The downside to offset printing is the preparation costs, or as it has been labeled “setup costs”.  These costs are associated with everything that it takes to get ready to print, before the first sheet of paper is ever touched. The plates, the ink, the time that it takes to line everything up… not to mention cleaning the press up at the end of the job.  All of that stuff has to be paid for regardless of the quantity of sheets printed, and it takes a lot of materials.  The upside of offset printing is that it’s the golden standard when it comes to printing.  Sheet fed offset printing can’t be duplicated.  It’s a process that has been perfected over the last one hundred years or so.  When it comes to printing, there is no process more consistent than offset.

Now digital printing on the other hand is a different animal.  The downside is that the consistency and quality don’t compare to the offset process, but as time moves on it’s getting closer… everyday!  There must be an upside to digital printing… Yep, here it is.  The quality is very good, and pretty consistent, but there are no preparation costs associated with each job.
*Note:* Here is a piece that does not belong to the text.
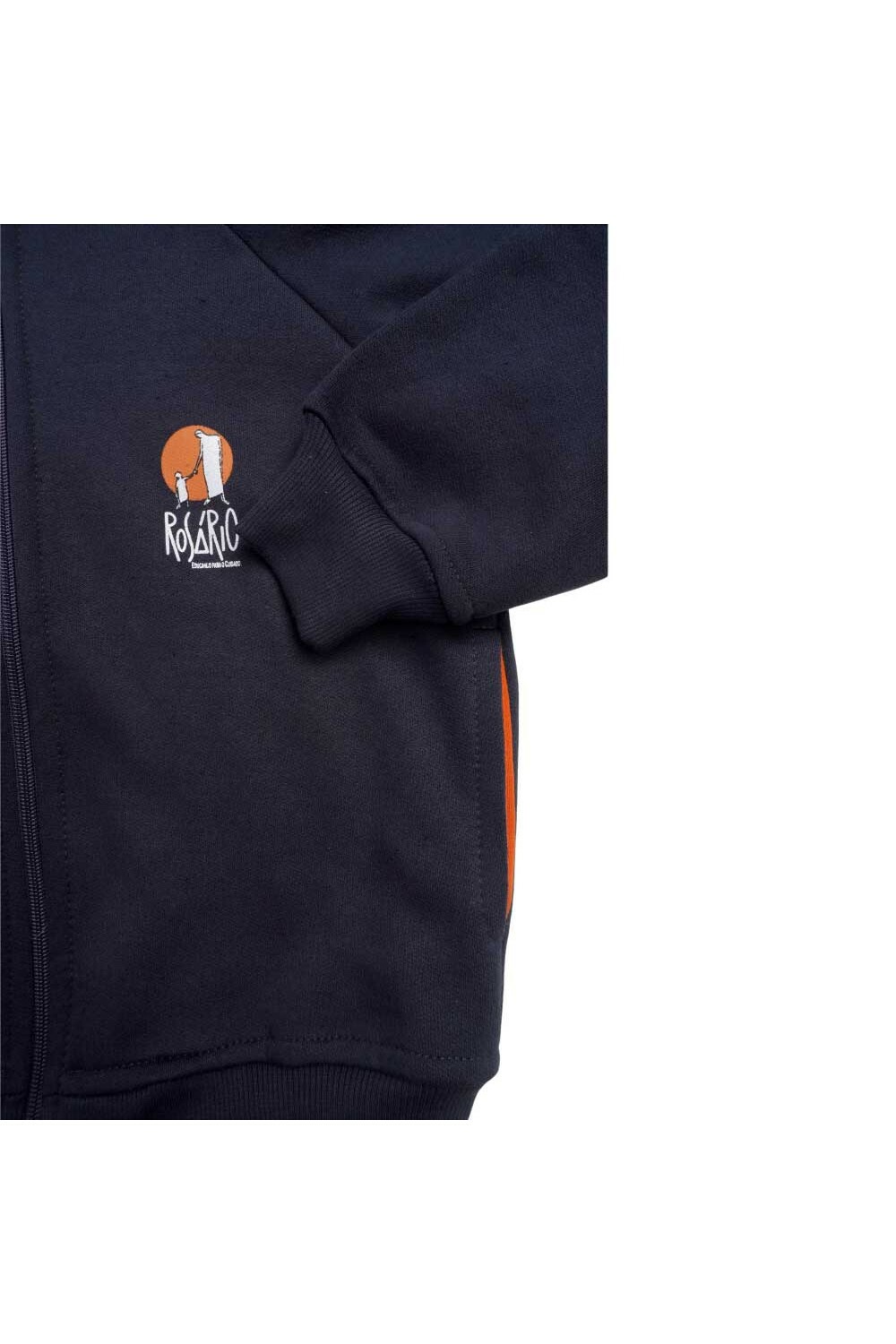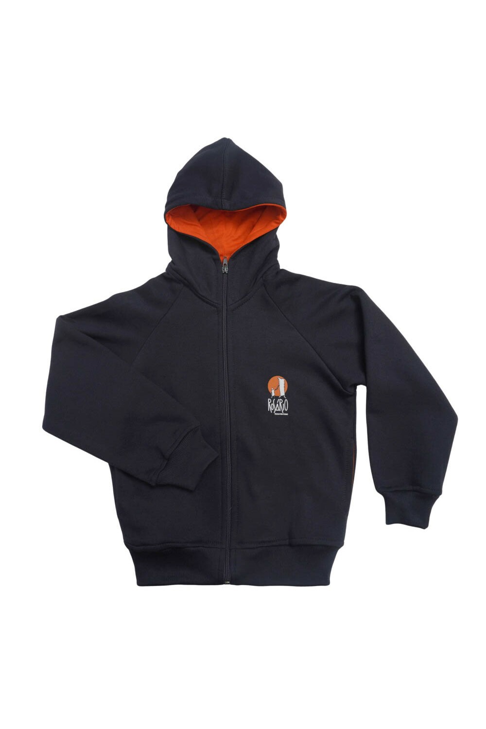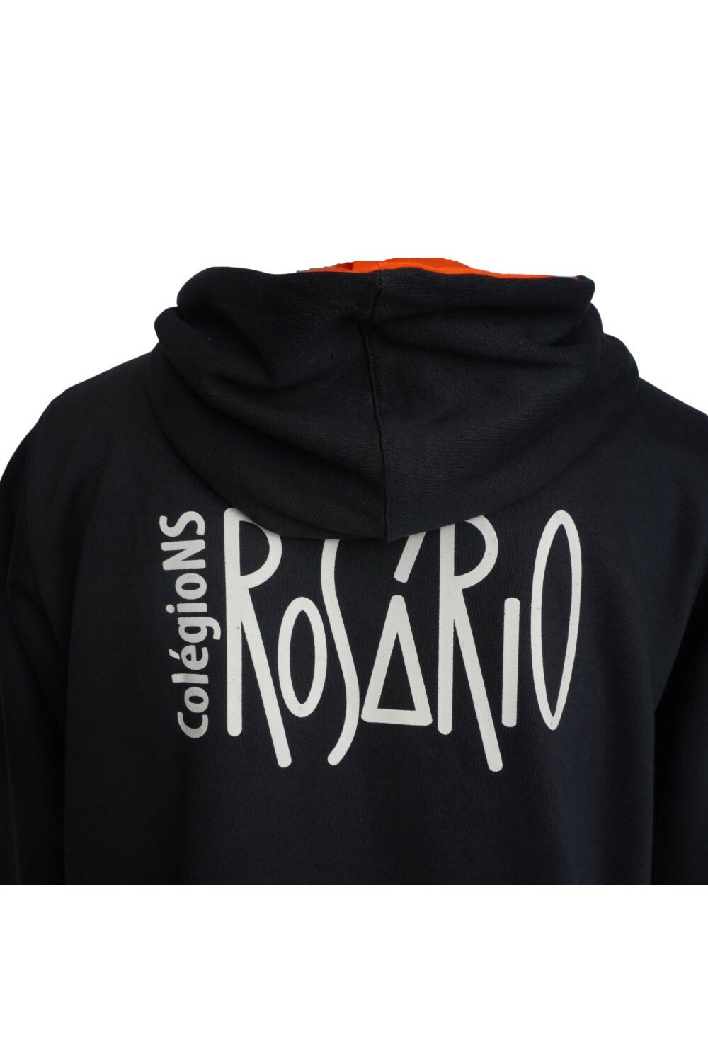 Modelo com zíper frontal, capuz, gola alta e estampa em silk do Colégio Rosário.

There are three basic costs in digital printing;

•1 The payment on the machine.

•2 Something called a click charge, which covers all of the repairs, maintenance, and toner needed.

•3  The labor involved int he production process.

Believe it or not, that is very simplified compared to the costs of offset printing. So the biggest advantage of digital printing is PRICE!  As customer expectations fall, and digital quality rises the price is the deciding factor.

We have seen some of the largest companies move to purchasing digital pieces.  The lower prices of digital printing compared to offset printing, have allowed companies who purchase printing regularly to spread their budget around to more projects.  So digital printing isn’t hurting our industry, the money is still being spent, it just purchases more value than it has in the past.  Digital is here to stay… and so is Brandywine!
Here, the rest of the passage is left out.